Research Data Preservation
--------------------------

Archivematica
+++++++++++++

`Archivematica <https://www.archivematica.org>`_ is an integrated suite of open-source tools for processing digital objects for long-term preservation, developed and maintained by Artefactual Systems Inc. Its configurable workflow is designed to produce system-independent, standards-based Archival Information Packages (AIPs) suitable for long-term storage and management.

Sponsored by the `Ontario Council of University Libraries (OCUL) <https://ocul.on.ca/>`_, this technical integration enables users of Archivematica to select datasets from connected Dataverse installations and process them for long-term access and digital preservation. For more information and list of known issues, please refer to Artefactual's `release notes <https://wiki.archivematica.org/Archivematica_1.8_and_Storage_Service_0.13_release_notes>`_, `integration documentation <https://www.archivematica.org/en/docs/archivematica-1.8/user-manual/transfer/dataverse/>`_, and the `project wiki <https://wiki.archivematica.org/Dataverse>`_.

.. _rda-bagit-archiving:

RDA BagIt (BagPack) Archiving
+++++++++++++++++++++++++++++

A Dataverse installation can be configured to submit a copy of published Dataset versions, packaged as `Research Data Alliance conformant <https://www.rd-alliance.org/system/files/Research%20Data%20Repository%20Interoperability%20WG%20-%20Final%20Recommendations_reviewed_0.pdf>`_ zipped `BagIt <https://tools.ietf.org/html/draft-kunze-bagit-17>`_ bags to `Chronopolis <https://libraries.ucsd.edu/chronopolis/>`_ via `DuraCloud <https://duraspace.org/duracloud/>`_, a local file system, any S3 store, or to `Google Cloud Storage <https://cloud.google.com/storage>`_.
Submission can be automated to occur upon publication, or can be done periodically (via external scripting).
The archival status of each Dataset version can be seen in the Dataset page version table and queried via API.

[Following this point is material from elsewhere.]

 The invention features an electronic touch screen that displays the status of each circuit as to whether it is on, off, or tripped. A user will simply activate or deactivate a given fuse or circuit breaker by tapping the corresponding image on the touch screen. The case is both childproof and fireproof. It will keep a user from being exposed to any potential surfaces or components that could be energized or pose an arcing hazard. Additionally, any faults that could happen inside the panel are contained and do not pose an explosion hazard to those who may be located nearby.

The archival Bags include all of the files and metadata in a given dataset version and are sufficient to recreate the dataset, e.g. in a new Dataverse instance, or potentially in another RDA-conformant repository.
Specifically, the archival Bags include an OAI-ORE Map serialized as JSON-LD that describe the dataset and it's files, as well as information about the version of Dataverse used to export the archival Bag.

The `DVUploader <https://github.com/GlobalDataverseCommunityConsortium/dataverse-uploader>`_ includes functionality to recreate a Dataset from an archival Bag produced by Dataverse (using the Dataverse API to do so).

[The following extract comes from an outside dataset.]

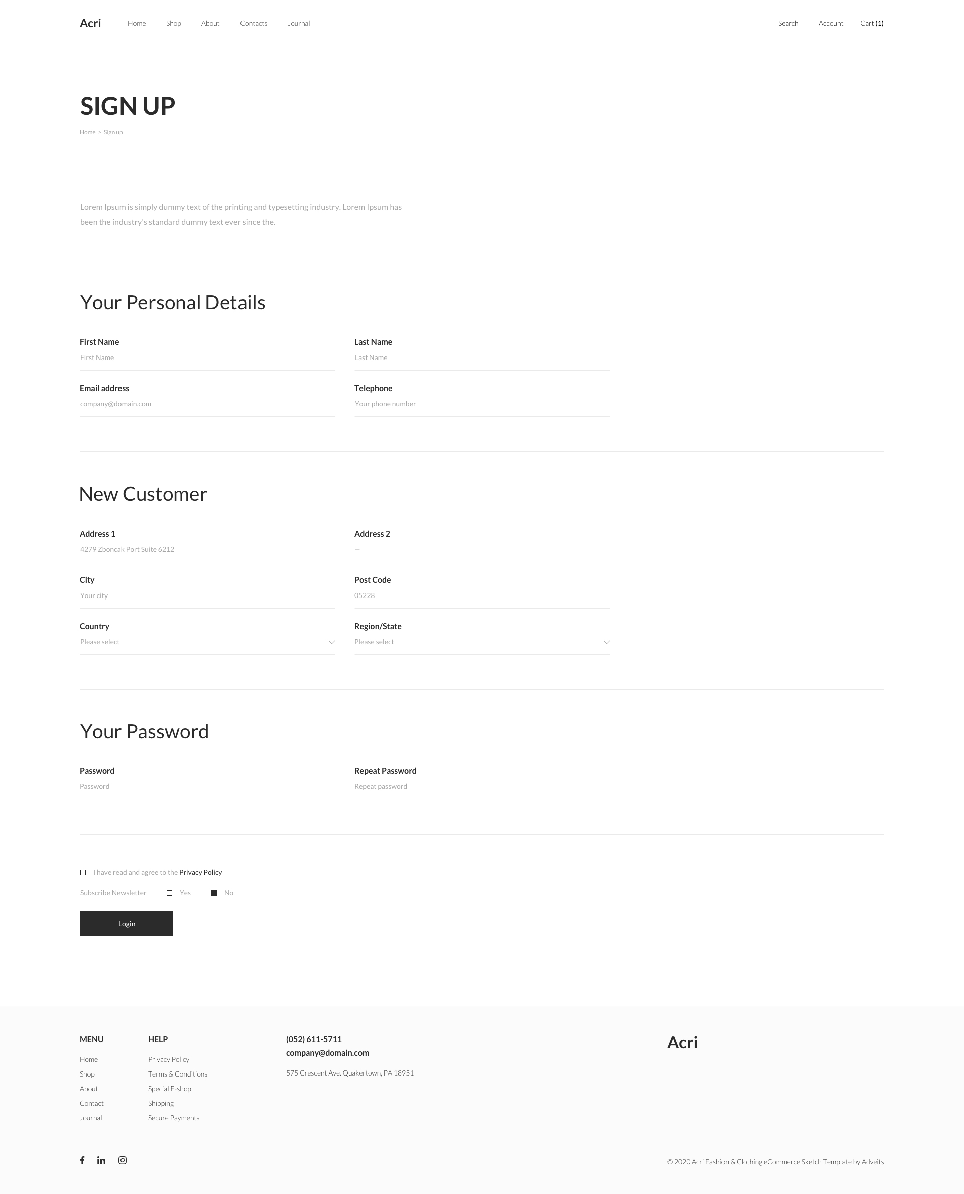 Acri – Fashion & Clothing eCommerce Adobe XD Template

For details on how to configure this integration, see :ref:`BagIt Export` in the :doc:`/installation/config` section of the Installation Guide.

Future Integrations
-------------------

The `Dataverse Project Roadmap <https://www.iq.harvard.edu/roadmap-dataverse-project>`_ is a good place to see integrations that the core Dataverse Project team is working on.

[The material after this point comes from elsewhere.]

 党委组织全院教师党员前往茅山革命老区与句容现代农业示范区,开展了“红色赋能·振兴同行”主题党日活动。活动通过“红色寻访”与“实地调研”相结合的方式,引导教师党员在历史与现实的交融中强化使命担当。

If you have an idea for an integration, please ask on the `dataverse-community <https://groups.google.com/forum/#!forum/dataverse-community>`_ mailing list if someone is already working on it.

Many integrations take the form of "external tools". See the :doc:`external-tools` section for details. External tool makers should check out the :doc:`/api/external-tools` section of the API Guide.

Please help us keep this page up to date making a pull request! To get started, see the :doc:`/contributor/documentation` section of the Contributor Guide.